Du plus loin que je me souvienne, j'ai commencé de jouer avec les formes et les couleurs sur la plage de Dalhousie au Nouveau-Brunswick. J'avais 10 ou 11 ans. Mon grand-père maternel m'y emmenait parfois et nous nous promenions le long de la grève. Puis, mon grand-père me disait : « Mon petit Raôul, grand-papa va faire un petit somme. Amuse-toi dans le sable et fais-moi un dessin ou une sculpture. » Puis, à l'aide d'un bâton, il dessinait un grand cercle au milieu duquel il s'étendait pour dormir et duquel je ne devais pas sortir.

Alors, je commençais par trouver une pitoune échouée sur la grève. Une fois, en faisant une incision tout le long du bout de bois avec le canif que m'avait donné mon oncle Léo, j'ai réussi à obtenir un beau grand tuyau tout en écorce. J'aimais contempler l'écorce de l'arbre mort parce que des bibites y avaient écrit des messages qui me faisaient penser aux hiéroglyphes que j'avais vus dans le dictionnaire, dont je lisais une page chaque jour. Cette fois-là, j'avais apporté le grand tuyau à la maison et l'avais laissé sécher dans le hangar. Une fois sec, j'avais de la gouache de toutes les couleurs et j'avais peint tous les petits dessins qu'avaient faits les bibites.

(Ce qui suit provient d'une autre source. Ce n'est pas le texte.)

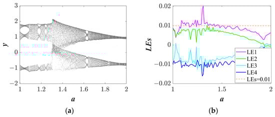 The bifurcation diagram and Lyapunov exponent spectra of system (3): (a) the bifurcation diagram of a ϵ (1, 2); and (b) the Lyapunov exponent spectra of a ϵ (1, 2).
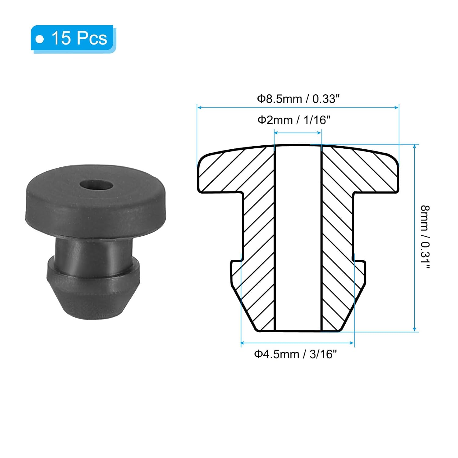 - Color: Black; Material: Silicone Rubber; Drill Hole: 4.5mm / 3/16 Inch; Inside Diameter: 2mm / 1/16 Inch; Outside Diameter: 8.5mm / 0.33 Inch; Overall Thickness: 8mm / 0.31 Inch; Packing List: 15 x Rubber Grommets
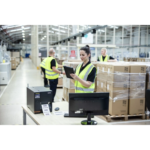 The Brother TJ-4422TN industrial label printer offers performance you can rely on when keeping up with increasing demand. With the inbuilt label rewinder you can easily produce pre-printed label rolls and the intuitive large colour touch display makes it easy to operate. This high-volume thermal transfer label printer has been designed to ensure minimal downtime and maximum productivity through fast print speeds, very large ribbon capacity and in-built durability. With ZPL2 emulation compatibility and multiple connectivity options, the TJ-4422TN has been built with you in mind. • 4-inch thermal transfer/direct thermal printer TT/DT• Print speed 356 mm/sec (14 ips)• Resolution 203 dpi• Print width up to 104 mm• 4,3-inch colour touch display and 6 navigation buttons• Label roll Ø max 203.2 mm (8 inch)• Label roll core Ø min 38.1 max 76.2 mm (1,5-3 inch)• Ribbon roll Ø max 81.3 mm, width 114,3 mm and 600 m long• Rear/botto

Peut-être est-ce à cet âge que, sans le savoir vraiment, j'entrais pour la première fois dans le monde de la peinture.

Si je n'arrivais pas à enlever la peau de la pitoune d'une seule incision, je découpais l'écorce en rondelles, je creusais un trou dans le sable et plaçais la pitoune dedans. Puis, j'y faisais des petits trous tout le tour, dans lesquels je rentrais des petits bouts de bois ou des branches sèches sur lesquelles je déposais des algues de la mer. Pour moi, je faisais un arbre ou un totem. Enfin, autour je mettais plein de cailloux de différentes grosseurs en forme de spirale. Et je trouvais ça beau. Une fois, j'avais réussi à placer au-dessus de ma pitoune une roche presque triangulaire. Pour moi, comme je l'avais vu dans mon dictionnaire en même temps que les hiéroglyphes, c'était un obélisque. Peut-être est-ce à ce moment que je commençais de sculpter.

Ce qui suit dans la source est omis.